=== WHAT IS BEING ASKED ===
Within the lines below, the span from the line with "1月15日,稀有金属ETF(159608" to the line with "Légende photo (de", both ends included, is to be reproduced exactly, with pictures omitted.

=== DATA SECTION ===
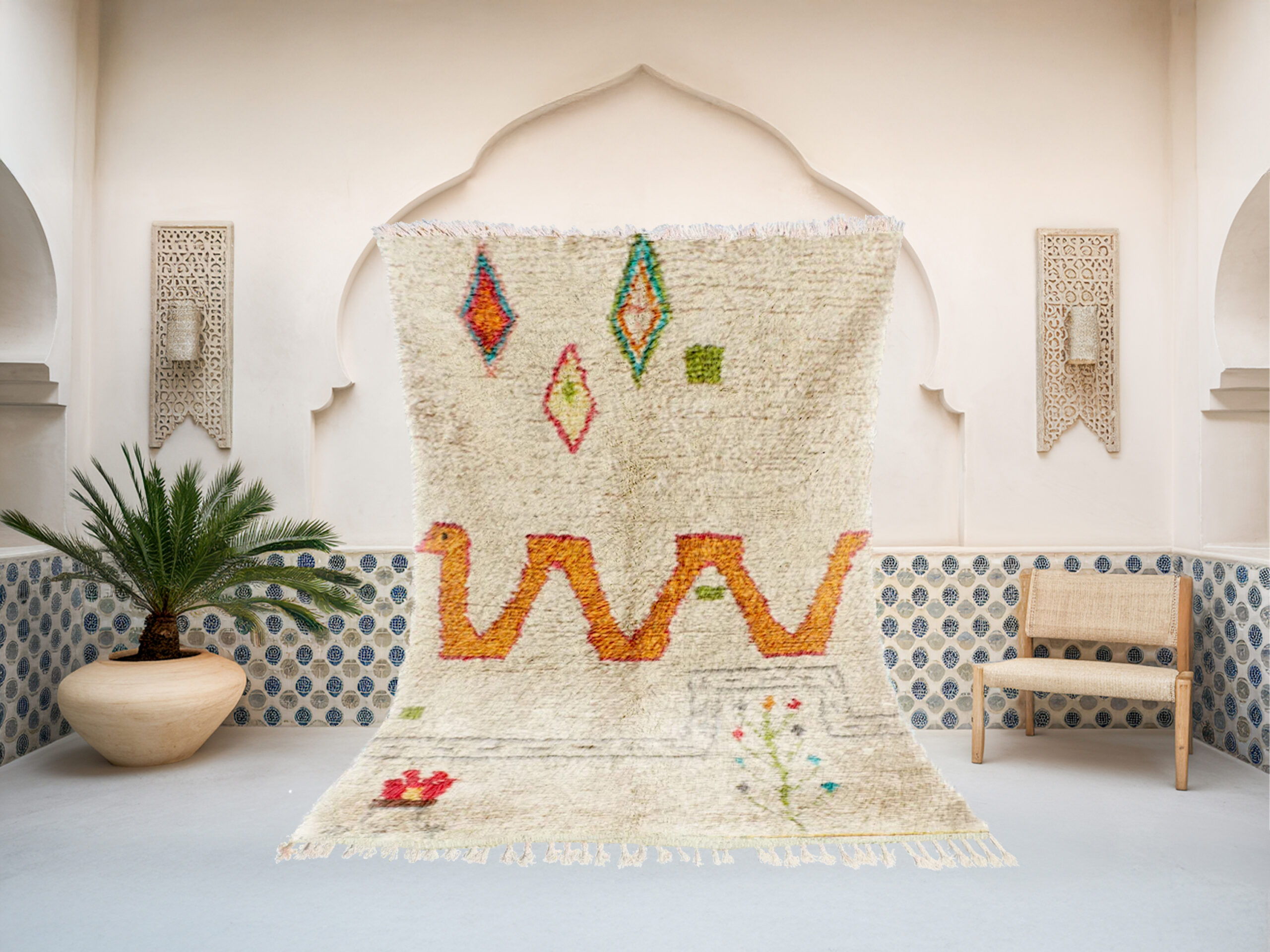 What makes our Azilal rugs truly special is the symbolic meaning behind their designs. Many feature motifs that represent femininity, fertility, and protection, connecting your space with a deeper sense of cultural history. The iconic, asymmetrical patterns bring a spontaneous, artistic flair to any room, making each rug a unique masterpiece.
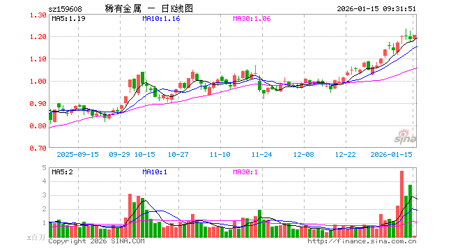 1月15日,稀有金属ETF(159608)开盘涨0.08%,报1.187元。稀有金属ETF(159608)重仓股方面,北方稀土开盘跌0.02%,洛阳钼业涨0.00%,华友钴业涨2.50%,盐湖股份跌1.32%,赣锋锂业跌0.38%,天齐锂业跌0.40%,中国稀土跌0.04%,中矿资源跌1.45%,盛和资源涨0.47%,西部超导跌2.56%。
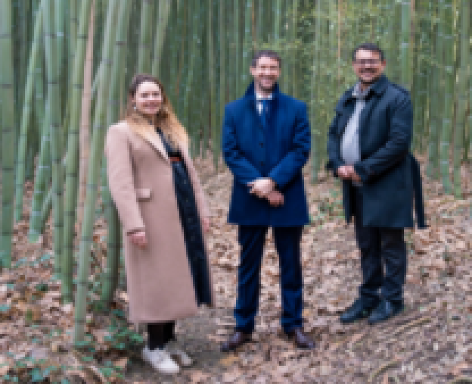 Légende photo (de gauche à droite) : Léa le Poder, PhD Recherche et Développement de Bamboo For Life, Josselin Quignon, Directeur Innovation du Groupe NGE, et Bernard Benayoun, Président de Bamboo For
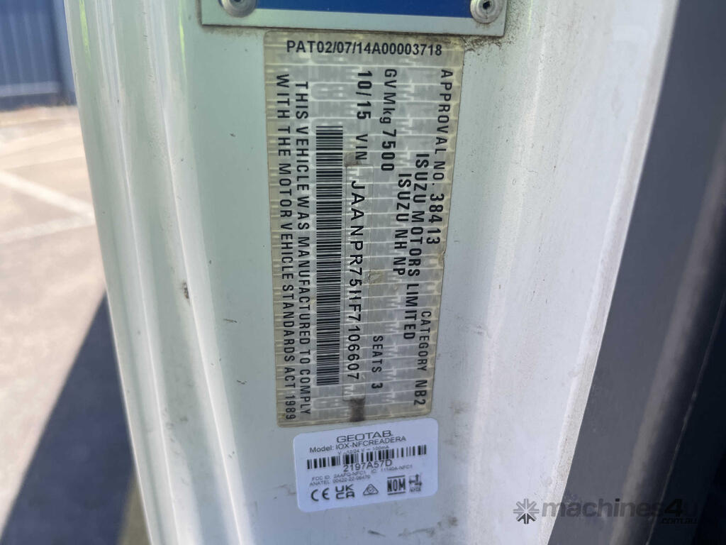 CP: 10/2015,Isuzu,NPR 75-190,Pantech (Day Cab),Manual,Leaf Spring,4 Cyl,Diesel Turbo,6 Gears,171830 (Kms. Showing on Odometer),Hourmeter not visible,Colour: White,Rego. No: SB61MD SA,VIN: JAANPR75HF7106607,Key No: P101,Length: 6.1 m,GVM: 7500,GCM: 11000,Sold with No Plates,Key No: P101
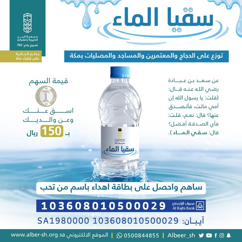 السلام عليكم ورحمة الله وبركاته دعت جمعية البر الخيرية بالشرائع بمكة المكرمة المحسنين للمساهمة بالتبرع في مشروع "سقيا الماء" بما تجود به أنفسهم، ولو بريال واحد؛ ليروي عطش حجاج ومعتمري بيت الله، وفي المشاعر المقدسة، والعاملين في موسم الحج من رجال الأمن وأبطال الصحة وجميع الجهات المشاركة بتوزيع السقيا من خلال عبوات ماء مبردة، واغتنام فضل العشر المباركة، وشرف المكان والزمان. وأوضحت أن طريقة المساهمة تتم عبر التحويل عن طريق الحساب المخصص للمشروع في مصرف الراجحي برقم الحساب: 103608010500029 وعبر البنوك الأخرى: SA1980000103608010500029 |

=== ANSWER ===
 1月15日,稀有金属ETF(159608)开盘涨0.08%,报1.187元。稀有金属ETF(159608)重仓股方面,北方稀土开盘跌0.02%,洛阳钼业涨0.00%,华友钴业涨2.50%,盐湖股份跌1.32%,赣锋锂业跌0.38%,天齐锂业跌0.40%,中国稀土跌0.04%,中矿资源跌1.45%,盛和资源涨0.47%,西部超导跌2.56%。
 Légende photo (de gauche à droite) : Léa le Poder, PhD Recherche et Développement de Bamboo For Life, Josselin Quignon, Directeur Innovation du Groupe NGE, et Bernard Benayoun, Président de Bamboo For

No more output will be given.